◆ **RECORDS SHOWN**:
____

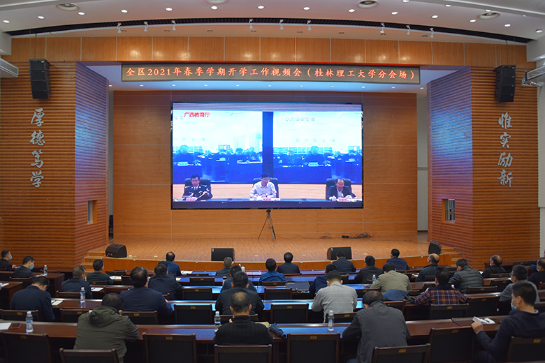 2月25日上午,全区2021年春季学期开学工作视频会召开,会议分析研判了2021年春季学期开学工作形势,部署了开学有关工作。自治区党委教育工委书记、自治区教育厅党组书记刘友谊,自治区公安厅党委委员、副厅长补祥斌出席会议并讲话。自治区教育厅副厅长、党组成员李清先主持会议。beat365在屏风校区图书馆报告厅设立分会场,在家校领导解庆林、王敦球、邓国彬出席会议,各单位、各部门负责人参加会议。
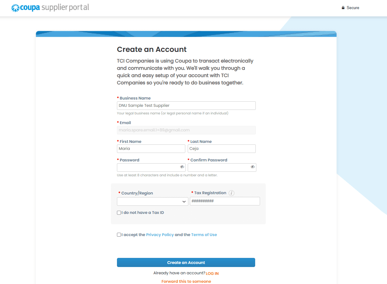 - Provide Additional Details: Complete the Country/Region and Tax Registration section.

____

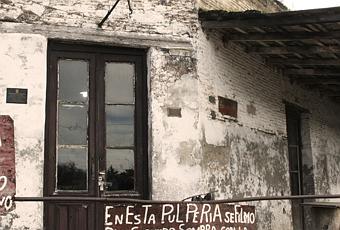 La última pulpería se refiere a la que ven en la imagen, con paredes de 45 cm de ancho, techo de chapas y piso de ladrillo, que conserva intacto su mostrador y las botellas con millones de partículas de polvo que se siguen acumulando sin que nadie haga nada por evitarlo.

____

◆ **INSTRUCTIONS TO FOLLOW**: Please set down, exactly and with no pictures, the lines in the entries above starting at the one holding "2月25日上午,全区2021" and ending at the one holding "- Provide Additional", ends included.

◆ **WRITTEN RESPONSE**:
 2月25日上午,全区2021年春季学期开学工作视频会召开,会议分析研判了2021年春季学期开学工作形势,部署了开学有关工作。自治区党委教育工委书记、自治区教育厅党组书记刘友谊,自治区公安厅党委委员、副厅长补祥斌出席会议并讲话。自治区教育厅副厅长、党组成员李清先主持会议。beat365在屏风校区图书馆报告厅设立分会场,在家校领导解庆林、王敦球、邓国彬出席会议,各单位、各部门负责人参加会议。
 - Provide Additional Details: Complete the Country/Region and Tax Registration section.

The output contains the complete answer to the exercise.